A reminder that the attachment to blue—love, agony, pain—exists all around us, even if sometimes hidden behind bus stops, laundry lines, or behind a lover’s closed eyelid. 

 

It’s a poetic lyrical masterpiece that bottles unimaginable human emotion into one shade of cool. Finally, I felt seen again in literature. Blue began appearing in my life, my walk to work, loose socks forgotten on my floor, my boyfriend’s eyes. Had I fallen in love with a colour too? Had I stolen something so personal to Nelson and plagiarized it? What does it mean, then, to be blue?

 

Bluets is a melancholic poetry-prose collection tied together by one author’s memories as a young adult. Being in your twenties is a wildly confusing time of life. The loneliness and constant internal struggle to find yourself, and try to uncover what that even means. It’s a time to reflect on teenage heartbreak and decide whether or not forgiveness means them or you—to move through each day not entirely sure how you managed to get here. 

 

Where did all this blue come from?
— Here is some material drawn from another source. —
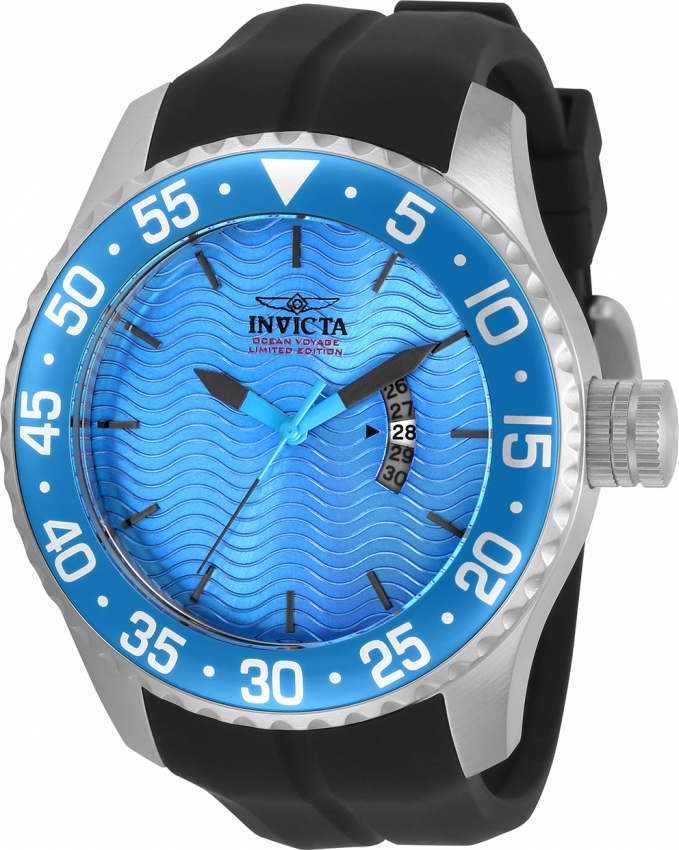 Stainless steel case with a black silicone strap. Uni-directional rotating stainless steel bezel with a blue ring. Blue dial with black and blue sword-shaped hands and index hour markers. Dial Type: Analog. Date display at the 3 o'clock position. Hattori caliber PC32 quartz movement. Scratch resistant Flame Fusion crystal. Pull / push crown. Solid case back. Round case shape. Case size: 50 mm. Band width: 26 mm. Band length: 8.75 inches. Tang clasp. Water resistant at 100 meters / 330 feet. Functions: date, hour, minute, second. Pro Diver Series. Casual watch style. Watch label: Japan Movt. Invicta Pro Diver Quartz Blue Dial Mens Watch 32657.

Was it always around me?

 

Nelson is a master at her craft, truly. I know I am not alone in my appreciation for literature that understands the complexities of the void that is being a young adult, and I truly cannot emphasize the genius of her work enough. It’s been a while since a book has stared back at me, and if you were to read any of the books I recommend, let it be this one.